As a result, I’m an unlikely farmer in the Northwest where there is essentially too much rain and too little sun for my kind of crop farming. Mostly, I don’t do much growing of edibles because our schedule is too variable for me to take care of them. But when we bought the house next door, it came with a full farm—or maybe farmette: 3 apple trees, 3 plum trees, 2 pear trees, a huge cherry tree, 1 walnut tree, 1 fig tree, a grape vine, and a pecan tree. The last three don’t do anything reliably, but the apples, plums, cherries and pears provide us with a lot of fruit most years.

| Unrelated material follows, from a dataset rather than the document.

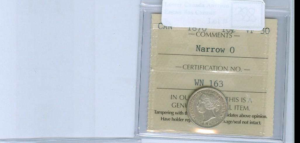 1870 Narrow O 10¢ ICCS VF30. Brilliant!

This year, though, I’m a little concerned and thinking about patience, endurance, and acceptance. Normally, the cherry tree starts first, blooming in the second or third week of April, quickly followed by the plums, and then the pears and finally the apples. There’s some overlap, but the entire process usually ends by mid-May. And with that length of time, there's bound to be at least one of the crops that gets terrific weather when it needs the bees. This year, though, it all happened at once, but not until the first week of May. And now, the cherry is already finished and the apples are going to be getting to that point within the week.

Fortunately, it started with sun, but by the time every tree was in full flower, it started raining, it got cold, and there was no sign of a bee for four days at least. It’s still too early to tell whether there was any pollination, but the cherries don’t look too promising. Here’s where I demonstrate my patience. By next week, I suspect I will be working on acceptance. And by August I’ll be full into endurance and looking to neighbors with different varieties who had different conditions than we did and thus have some fruit to share.

Nevertheless, a cherry tree in bloom, an apple tree in bloom, a pear tree , a plum tree in bloom: very close to being as much as you can reasonably ask for from a plant. How's that for adaptability?

Friday, November 21, 2008

Fear Not!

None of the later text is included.